[Given entries — start]

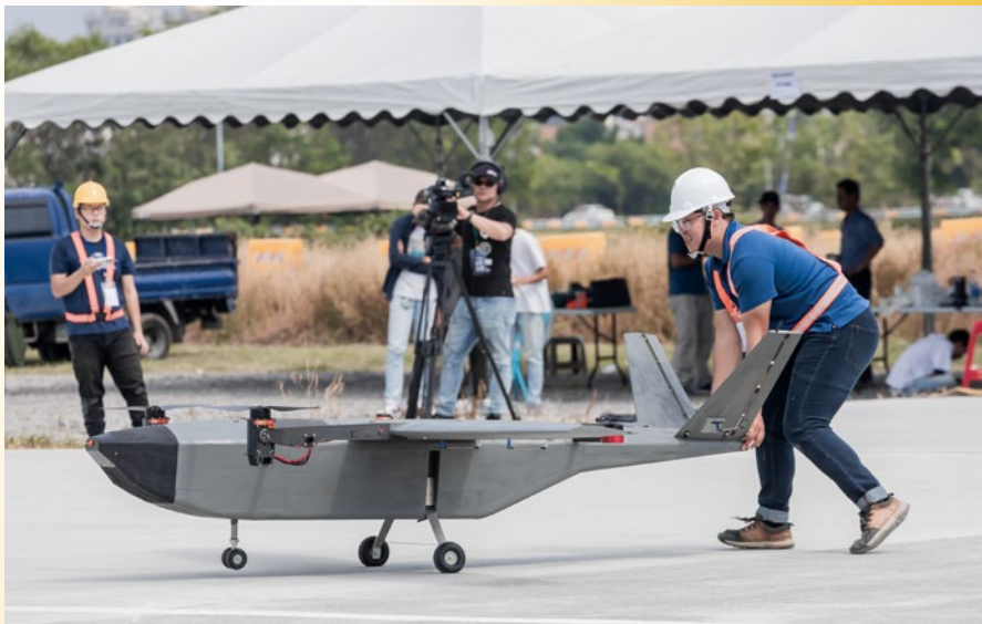
第二屆國防應用無人機挑戰賽開始報名 330 萬高額總獎金重磅登場。

國立成功大學臺灣學「Formosa 俛海 e 所在」於 6 月 1 日至 7 日在光復校區歷史文物館舉辦「2024 臺灣聲影 視界幻化」活動，展示學生深掘與運用在地素材後創作出的獨具風格的臺灣研究作品。
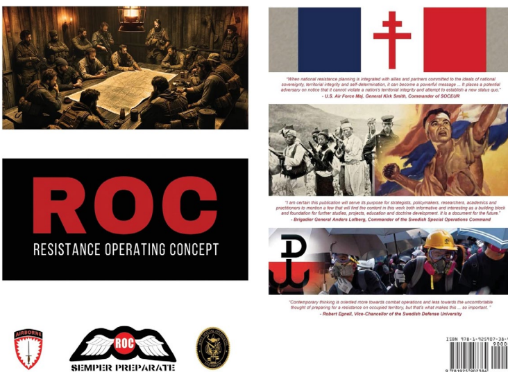
Zdjęcie 7. Okładka Resistance Operating Concept
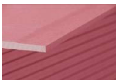
Plaque Rose (Feu)
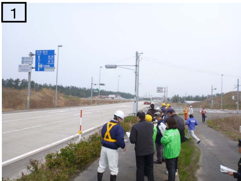
313号交差点上り(鳥取方面)点検状況
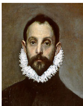
El Greco. El caballero de la mano en el pecho . Circa 1578 (fragmento).
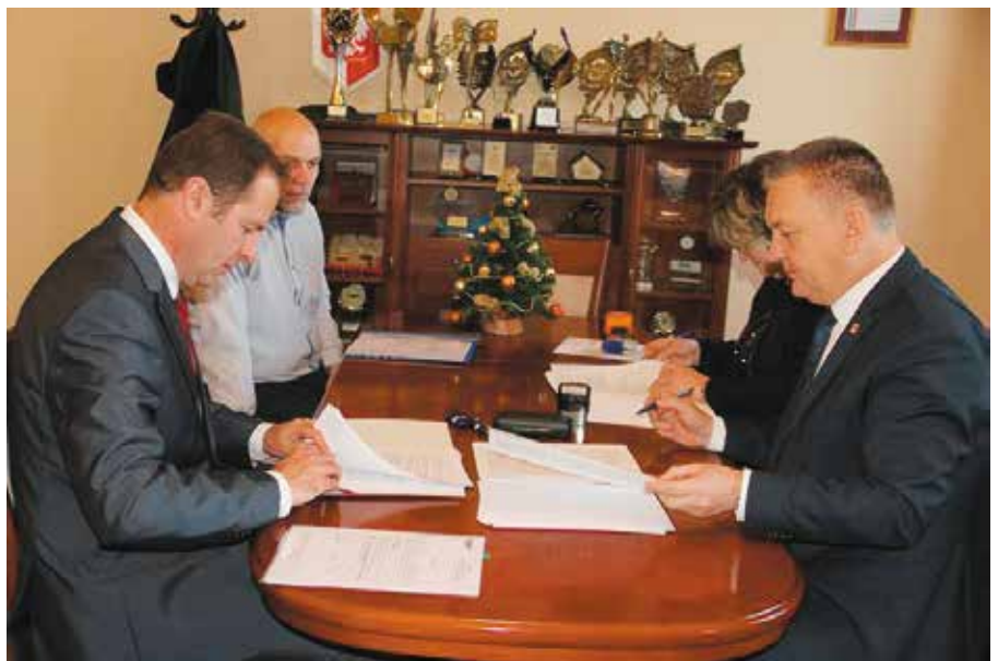
Na Osiedlu Zelejowa powstaną dwie nowe drogi

Niezwłocznie po otrzymaniu informacji o przyznaniu rządowego dofinansowania gmina ogłosiła przetargi na wyłonienie wykonawców zaplanowanych inwestycji. Jeśli chodzi o zadanie pod nazwą: „Projekt i budowa ulicy H. Sienkiewicza i ulicy T. Kościuszki wraz z odwodnieniem i oświetleniem w miejscowości Chęciny, gmina Chęciny”, to najniższą ofertę cenową złożyła firma TRAKT S. A. z siedzibą w Górkach Szczukowskich. Jedno z największych drogowych zadań zostanie wykonane za kwotę 6 milionów 462 tysięcy złotych. Połowę tych kosztów pokryje rządowe dofinansowanie. - Budowa tych dróg jest niezwykle istotna. Do tego powstaną też tutaj chodniki i oświetlenie. Ciężko byłoby wykonać tak dużą inwestycję tylko i wyłącznie z własnych środków. Rządowe dofinansowanie, jakie pozyskaliśmy na jej realizację, jest dla nas bardzo dużym wsparciem.
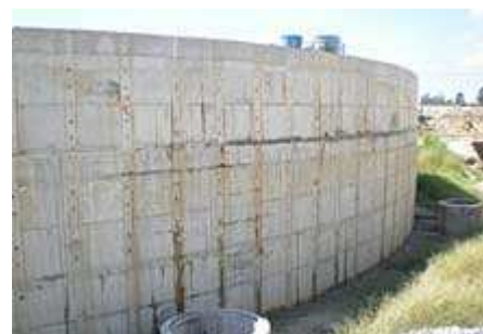
Foto tomada el 29 de marzo del 2008, Penetron ha detenido casi por completo las fugas en este tanque
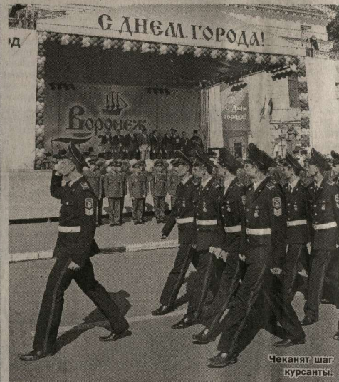
Чеканят шаг курсанты.
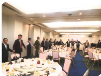
手に手つないでで盛大に終了
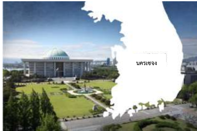
ภาพอาคารรัฐสภาปัจจุบันที่ตั้งอยู่ในกรุงโซลและแผนที่ก่อสร้างอาคารรัฐสภาแห่งใหม่ ณ เมืองเซจง
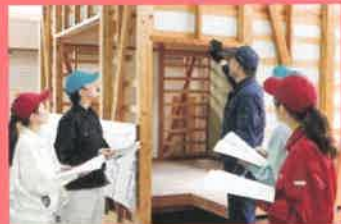
住宅工事管理と躯体・ 内装施工
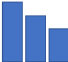
Imagen referencial de lo requerido
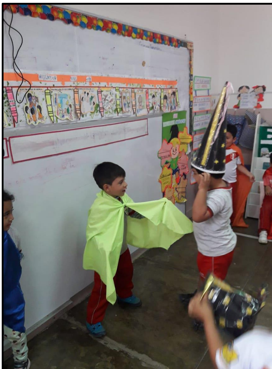
Los niños y niñas dramatizando a sus personajes favoritos en diferentes escenarios del aula.
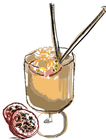
JAMAÏCAN STAR 40cl .....19€

Une base de vodka et Cointreau relevée par un zeste de citron vert, le tout adouci par l'élégance de l'hibiscus. Un mélange frais servi dans un verre à martini pour un voyage sensoriel raffiné. »

[Given entries — finish]

**What this task involves**
From the line holding "JAMAÏCAN STAR 40cl .....19€" to the last line of the data above, copy every line exactly and include nothing more.

**Exercise response**
JAMAÏCAN STAR 40cl .....19€

Une base de vodka et Cointreau relevée par un zeste de citron vert, le tout adouci par l'élégance de l'hibiscus. Un mélange frais servi dans un verre à martini pour un voyage sensoriel raffiné. »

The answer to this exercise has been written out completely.